What I gave up, I gave up in increment. First it was climbing, and more slowly, cycling. I’d see my friends less and less. In my own way, I convinced myself I was simply growing up, simply putting away childish things. 

 

 

The first day of the bike trip, Ben and I passed a crumbling, cinder-block garage sporting a shoddily painted sign: “Fireworks. Cheep.”

Of course we stopped.

There are so many parts of the trip I want to tell you about: how it feels to ride the two-mile downhill into Lake Monroe valley and ride the bridge into a perfect Indiana sunset. How we camped in a cemetery only to be woken up by a cop reminding us that it was Memorial Day. How we couldn’t see the last waterfall because the police had closed the park earlier in the day to investigate a drowning. But I have only so many words until you lose interest or until this becomes self-indulgent.

This is the best way to wrap this up.

The fireworks shop was owned by two grizzled men wearing overalls and camouflage. While we shopped, one of the men cleaned under his fingernails with a buck knife. Ben and I bought at least 10-15 pounds of each: an assortment of bottle rockets, Roman Candles, and larger rockets guaranteed to put on a show.

The last night of the trip, we stayed at my dad’s house. My step-mom was out of town, and Ben and I had hauled the fireworks the entire 350 miles since that shop. We grilled steaks for dinner while Dad built a fire in the backyard. By the time the fireworks came out, we were half a case of High Life into the evening.

I was returning from getting a fresh beer when a Roman candle erupted, the sparks sizzling the air just inches from my ear. My dad a deep guffaw from his lawn chair by the fire, Ben and I in hysterics. I bolted to my bike where my arsenal was stashed and we made a game of darting around the yard, firing Candles and slinging bottle rockets at each other. When the Indiana humidity began to fizzle the fireworks, my dad returned from pouring himself a drink carrying a shotgun.

“Pull!” he would shout. We’d throw a rocket into the air, a resounding blast from my dad’s gun, the fireworks would shower into a rainbow of sparks and we would fall over laughing.

In just a few weeks, I’ll be 35, my dad squarely in his mid-60s. I come by my antics honestly—this itch in the deepest parts of who I am to live wild, to drink deep, to find family in those who are called to roam. My dad has ever been an example to me, and even in his marriage with my step-mom, I can see that a partnership can exist that allows two people to live in their own wild without asking the other to make themselves small to be loved.
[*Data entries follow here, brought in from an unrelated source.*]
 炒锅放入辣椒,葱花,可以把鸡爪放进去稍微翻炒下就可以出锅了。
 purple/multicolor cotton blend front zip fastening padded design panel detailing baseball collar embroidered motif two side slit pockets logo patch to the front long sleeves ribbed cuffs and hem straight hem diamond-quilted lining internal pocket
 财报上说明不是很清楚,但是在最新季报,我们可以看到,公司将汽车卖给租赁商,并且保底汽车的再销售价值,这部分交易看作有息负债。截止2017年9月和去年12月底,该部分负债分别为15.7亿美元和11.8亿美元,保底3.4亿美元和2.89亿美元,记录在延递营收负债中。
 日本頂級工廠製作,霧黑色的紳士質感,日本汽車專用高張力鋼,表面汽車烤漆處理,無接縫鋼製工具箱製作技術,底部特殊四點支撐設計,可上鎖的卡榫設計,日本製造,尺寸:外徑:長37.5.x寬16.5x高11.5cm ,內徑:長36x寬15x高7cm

I’m not going to pretend I can write an ending to this any better than John Steinbeck wrote the beginning of Travels with Charley, a favorite of mine that if you haven’t read, should be the next book on your list.
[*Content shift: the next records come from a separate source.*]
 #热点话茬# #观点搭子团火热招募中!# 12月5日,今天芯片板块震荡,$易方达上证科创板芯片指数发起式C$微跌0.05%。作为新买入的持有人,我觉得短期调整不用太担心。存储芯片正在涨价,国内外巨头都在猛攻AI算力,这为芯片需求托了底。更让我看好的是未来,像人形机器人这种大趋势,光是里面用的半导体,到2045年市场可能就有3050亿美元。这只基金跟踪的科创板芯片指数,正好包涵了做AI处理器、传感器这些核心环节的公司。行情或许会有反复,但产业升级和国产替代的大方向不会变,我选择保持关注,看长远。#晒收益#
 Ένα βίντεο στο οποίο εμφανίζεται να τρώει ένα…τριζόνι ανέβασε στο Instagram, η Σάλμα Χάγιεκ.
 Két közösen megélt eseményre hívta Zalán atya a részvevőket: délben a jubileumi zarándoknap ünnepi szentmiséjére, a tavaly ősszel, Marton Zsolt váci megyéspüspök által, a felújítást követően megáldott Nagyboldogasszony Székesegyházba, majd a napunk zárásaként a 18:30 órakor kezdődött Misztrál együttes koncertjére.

And so I leave you with this, a quote from this book that I carry with me—a feeling I was able to capture again in all those spinning miles with Ben, in all those frantic drunken hoots with him and my dad that night—I leave you with this and the hope that we can all live lives as big and as wild as we want them to be:

“When I was very young and the urge to be someplace else was on me, I was assured by mature people that maturity would cure this itch. When years described me as mature, the remedy prescribed was middle age. In middle age I was assured greater age would calm my fever and now that I am fifty-eight perhaps senility will do the job. Nothing has worked. Four hoarse blasts of a ship's whistle still raise the hair on my neck and set my feet to tapping. The sound of a jet, an engine warming up, even the clopping of shod hooves on pavement brings on the ancient shudder, the dry mouth and vacant eye, the hot palms and the churn of stomach high up under the rib cage. In other words, once a bum always a bum. I fear this disease incurable. I set this matter down not to instruct others but to inform myself... A journey is a person in itself; no two are alike. And all plans, safeguards, policing, and coercion are fruitless. We find after years of struggle that we do not take a trip; a trip takes us.”